| MKO rejects Albania’s asylum offer for 210 members |
|
|
|
|
|
Albanian Prime Minister Sali Berisha made the offer after meeting with U.S. Deputy Assistant Secretary of State Barbara Leaf, UN envoy in Iraq Martin Kobler, and other officials.
He said that the offer of asylum for the Mojahedin Khalq Organization (MKO) members was made for “humanitarian reasons.”
“We really appreciate the Tirana government’s helping hand,” Shahin Gobadi, the Paris-based MKO spokesperson, told AP from Paris in an interview conducted by telephone and e-mail.
Gobadi said that an offer of asylum for only a small portion of the group could not be accepted.
The UN says more than 3,000 MKO members live at the former U.S. base.
Iraq’s government is determined to have the MKO out of the country. The group fought in the 1980s alongside Saddam Hussein’s forces in the Iran-Iraq war.
The refugee camp is located on a former American military base known as Camp Liberty. It is meant to be a temporary way station while the United Nations works to relocate the group abroad.
MKO members reluctantly began moving to Camp Liberty last year.

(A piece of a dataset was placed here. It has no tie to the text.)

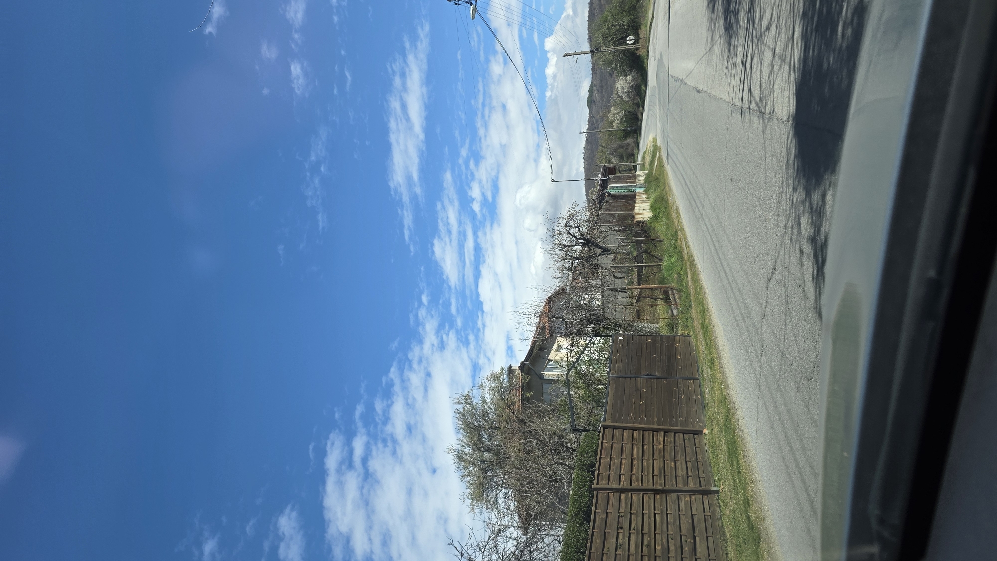 view of a residential area, likely in Slatino, Bulgaria. A paved road runs along the right side of the frame, with a dark shadow partially obscuring its surface. A wooden fence lines the road, with trees and vegetation growing behind it. A house is visible behind the fence, and a mountain range or hill is in the distance. The sky is blue with scattered white clouds. The photograph appears to have been taken from inside a vehicle.

They previously lived in a compound known as Camp Ashraf in northeastern Iraq.
Gobadi said that there were two options: “The first option is the immediate, even temporary transfer of all the residents to the U.S. or to a European country and permanent resettlement from there or the return of all of the residents to Camp Ashraf and the continuation of resettlement process from Ashraf, including transfer to Albania from Ashraf.”